PROBLEM STATEMENT:
Set down, exactly and in full, the line holding "Parche bordado de" and all the lines after it until the listing ends, and nothing else.

EXERCISE INPUTS:
▼

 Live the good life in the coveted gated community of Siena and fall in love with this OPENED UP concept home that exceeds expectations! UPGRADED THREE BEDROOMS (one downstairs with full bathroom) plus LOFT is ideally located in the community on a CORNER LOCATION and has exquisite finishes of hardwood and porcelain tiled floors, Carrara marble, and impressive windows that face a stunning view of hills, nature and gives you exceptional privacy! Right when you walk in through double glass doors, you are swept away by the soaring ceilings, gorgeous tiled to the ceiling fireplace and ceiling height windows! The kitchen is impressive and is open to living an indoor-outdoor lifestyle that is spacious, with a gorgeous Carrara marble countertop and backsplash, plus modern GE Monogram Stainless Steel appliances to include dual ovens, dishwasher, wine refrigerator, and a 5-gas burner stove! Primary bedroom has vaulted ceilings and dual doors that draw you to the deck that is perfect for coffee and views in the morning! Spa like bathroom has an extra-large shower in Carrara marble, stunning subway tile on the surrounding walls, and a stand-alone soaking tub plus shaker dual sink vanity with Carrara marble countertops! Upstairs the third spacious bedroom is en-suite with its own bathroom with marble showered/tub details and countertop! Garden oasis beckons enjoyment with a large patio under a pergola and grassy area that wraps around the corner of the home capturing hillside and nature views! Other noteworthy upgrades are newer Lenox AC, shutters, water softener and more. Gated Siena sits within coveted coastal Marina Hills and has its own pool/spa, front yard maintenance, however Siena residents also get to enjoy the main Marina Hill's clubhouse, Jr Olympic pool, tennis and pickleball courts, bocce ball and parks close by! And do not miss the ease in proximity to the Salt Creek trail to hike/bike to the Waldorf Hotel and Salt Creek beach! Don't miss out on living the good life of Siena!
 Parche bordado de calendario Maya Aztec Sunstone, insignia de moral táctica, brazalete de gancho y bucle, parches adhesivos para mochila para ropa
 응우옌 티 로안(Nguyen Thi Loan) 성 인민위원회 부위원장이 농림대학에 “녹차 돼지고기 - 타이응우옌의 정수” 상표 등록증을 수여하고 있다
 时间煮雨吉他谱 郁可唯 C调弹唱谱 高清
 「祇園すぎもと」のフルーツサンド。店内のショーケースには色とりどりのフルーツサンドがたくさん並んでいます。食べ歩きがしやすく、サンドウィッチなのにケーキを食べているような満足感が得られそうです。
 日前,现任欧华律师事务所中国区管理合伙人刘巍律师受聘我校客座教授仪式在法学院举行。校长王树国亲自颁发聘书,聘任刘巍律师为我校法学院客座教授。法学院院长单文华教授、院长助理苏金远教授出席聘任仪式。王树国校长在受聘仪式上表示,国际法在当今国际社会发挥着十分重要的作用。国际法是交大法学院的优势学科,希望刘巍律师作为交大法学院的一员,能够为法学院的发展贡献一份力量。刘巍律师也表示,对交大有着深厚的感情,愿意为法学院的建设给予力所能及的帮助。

▲

EXERCISE ANSWER:
 Parche bordado de calendario Maya Aztec Sunstone, insignia de moral táctica, brazalete de gancho y bucle, parches adhesivos para mochila para ropa
 응우옌 티 로안(Nguyen Thi Loan) 성 인민위원회 부위원장이 농림대학에 “녹차 돼지고기 - 타이응우옌의 정수” 상표 등록증을 수여하고 있다
 时间煮雨吉他谱 郁可唯 C调弹唱谱 高清
 「祇園すぎもと」のフルーツサンド。店内のショーケースには色とりどりのフルーツサンドがたくさん並んでいます。食べ歩きがしやすく、サンドウィッチなのにケーキを食べているような満足感が得られそうです。
 日前,现任欧华律师事务所中国区管理合伙人刘巍律师受聘我校客座教授仪式在法学院举行。校长王树国亲自颁发聘书,聘任刘巍律师为我校法学院客座教授。法学院院长单文华教授、院长助理苏金远教授出席聘任仪式。王树国校长在受聘仪式上表示,国际法在当今国际社会发挥着十分重要的作用。国际法是交大法学院的优势学科,希望刘巍律师作为交大法学院的一员,能够为法学院的发展贡献一份力量。刘巍律师也表示,对交大有着深厚的感情,愿意为法学院的建设给予力所能及的帮助。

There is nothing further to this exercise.